Maybe this is the proper and underlying source of the 'modern' way of skating-across and sampling the deluge of 'information' that comes to us each day? Perhaps what we are supposed to do is develop consciousness of these (maybe subtle, maybe fleeting) feelings of aversion (and the rarer opposite ones of validation and attraction) - and thereby be able to disengage immediately, before much harm is done?
This reminds me of Ralph Waldo Emerson's self-described method of reading by skimming and homing-in on 'lustres. He warned against expending too much attention and effort on what we read; because most of it was not worth it; and also because the giving of oneself was stultifying to one's own creativity. Emerson said one ought to be reading mainly in order to 'start your own team' - that is: we should read (etc) in order to fuel our own creative activities.

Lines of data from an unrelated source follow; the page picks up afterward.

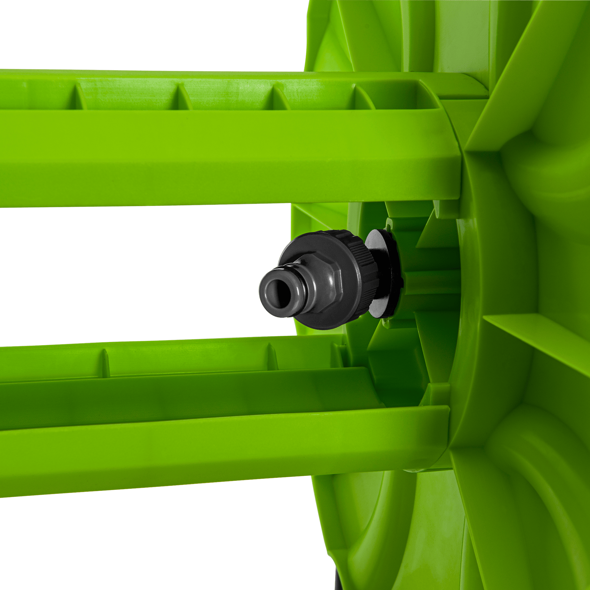 Este produto destaca-se por estar equipado com um sistema de guia com manivela que permite organizar mangueiras de forma mais rápida e fácil, otimizando o trabalho do utilizador e evitando torções. Para além disto, inclui um adaptador que possibilita a ligação com uma torneira.
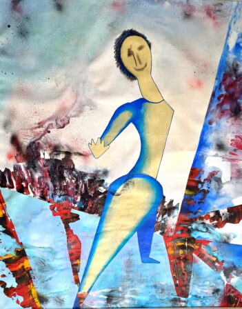Die Künstlerin fasst ihre Wahrnehmungen und Eindrücke der Menschen und ihrer Umgebung oft in annähernd gegenständlichen, aber farblich verfremdeten Bildern, aber auch abstrakten Kompositionen, bei denen die aussagekräftigen Titel wie „Feuersturm“, „Maske“ oder „Fächer“ Ansätze zur Interpretation geben mögen. Gleich am Eingang fällt das großformatige Bild „Durchbruch“ in Acryl-Mischtechnik ins Auge – eine anscheinend tanzende Frau, die sich, halb dem Betrachter zugewandt, offensichtlich glücklich von einer Sphäre in eine neue bewegt. Die erhobene Hand mit gespreizten Fingern scheint zu sagen „aufhalten könnt ihr mich nicht“. Ein ähnliches Lieblingsmotiv der Künstlerin ist das Bild „Wohin“ in mehreren Versionen. Eine aufrechte Frauengestalt von hinten mit großer Umhängetasche, jeweils in anderen Farben gehalten, bewegt sich selbstbewusst durch eine Art Türe, anscheinend in ein neues Leben.
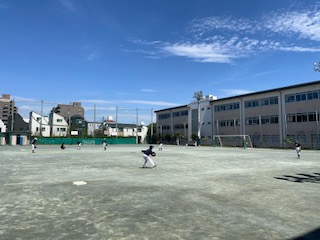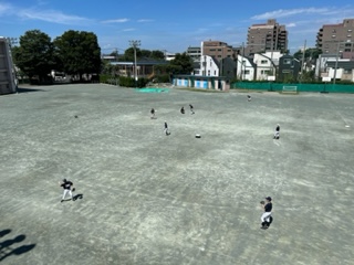 野球部の練習ではコーチの方に来ていただき、守備練習を中心に行いました。
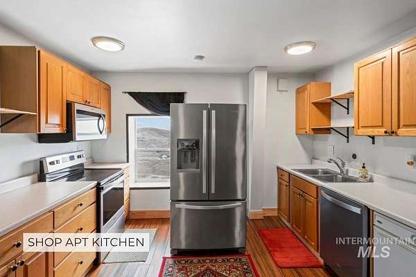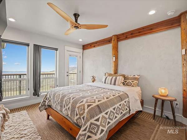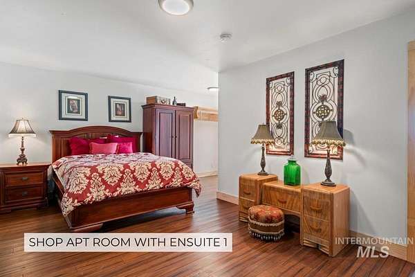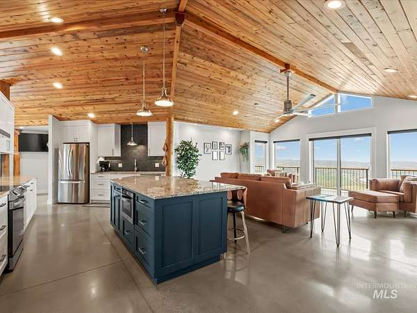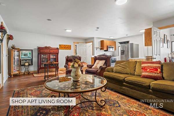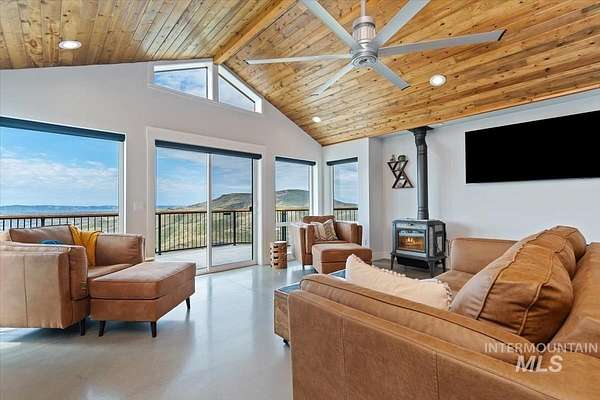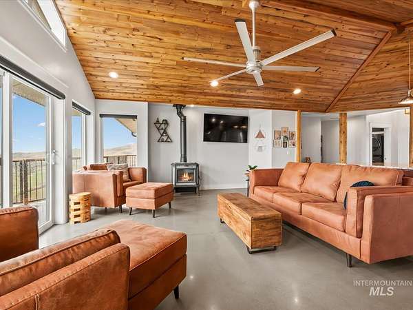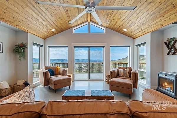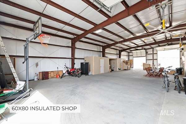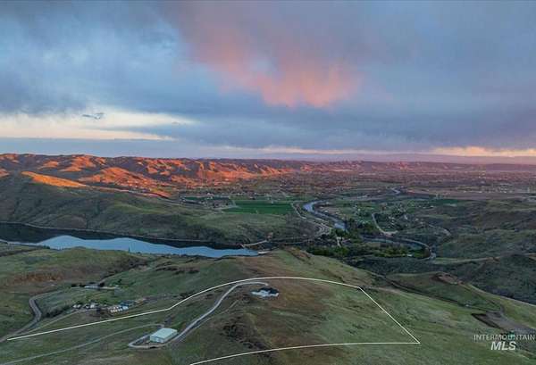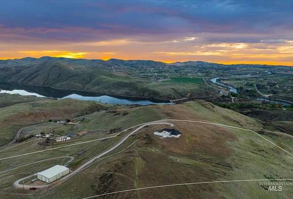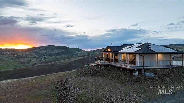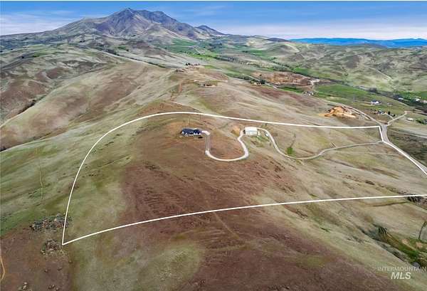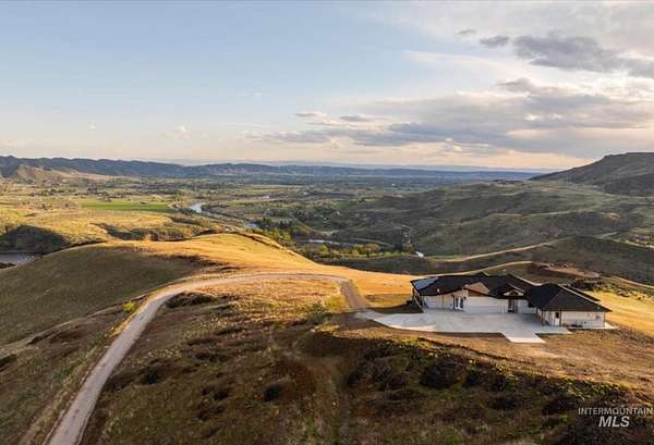Discover private, sustainable living while overlooking the Payette River & all of Emmett Valley. This custom-built straw bale home by EarthCraft Design Build offers a perfect blend of eco-friendly materials and cutting-edge green building science. Perched on 40 acres at the base of Squaw Butte, the 3 bed, 2.5 bath home boasts exceptional energy efficiency with locally sourced straw bale insulation, natural plasters, and passive solar design. Thoughtfully sited to enhance comfort year-round, this home is designed to reduce energy use while maximizing natural beauty. With reclaimed wood, non-toxic finishes, and breathability, this property connects you to nature in a way few homes can. The 60x80 shop with wood stove offers a 2 bed, 2.5 bath apartment w/ kitchen & living room as well as plenty of extra space for your RV, boat, toys & more! This one of a kind Idaho Gem offers views of Black Canyon Reservoir, Freezeout Hill and Emmett's "Valley of Plenty" with multi-generational or short term rental opportunities!
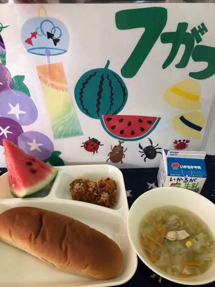 6個のすいかがとどきました。1つを64人分に切りわけています。
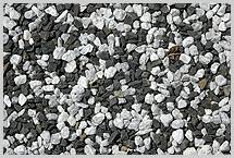 aus Basalt und weißem Quarz, Steingrößen / Korngrößen etwa 10-25 mm;
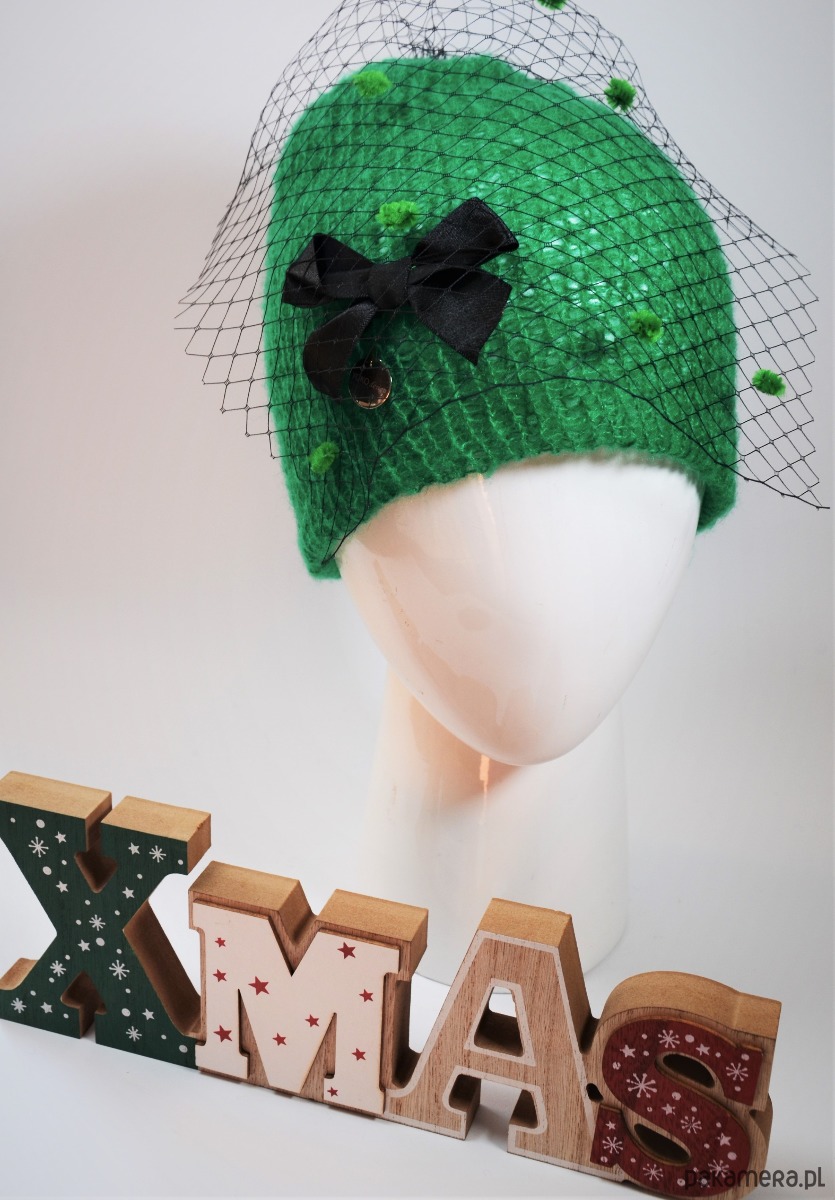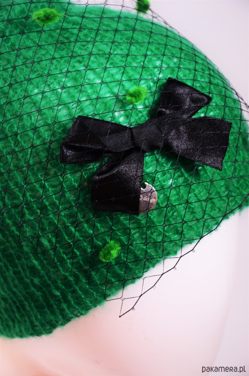 Czapka ultra delikatna wykonana z dwóch warstw z wełny moherowej w kolorze zielonym. Zdobiona uroczą kokardką i woalką z pomponami. Rozmiar uniwersalny.

Such practice leads-on-to a way of dealing with the mass media and the propaganda that cannot be avoided. Of course we should limit our exposure to it; but essentially media propaganda cannot nowadays be avoided - therefore perhaps we ought to engage with it in the skimming spirit recommended by Emerson?
And we should also develop our own awareness of these evaluative intuitions that so quickly (and reliably) arise from our true selves to tell us of the nature of what we are reading; tell us of its ultimate sources; tell us what side it is on?
This stance mostly works to unmask the foul intent behind fair words; but also may lead us to the (few) good people (i.e. people on the side of Good) who are nowadays seldom concentrated in any particular place; but who are thinly-distributed - and sometimes in unexpected places.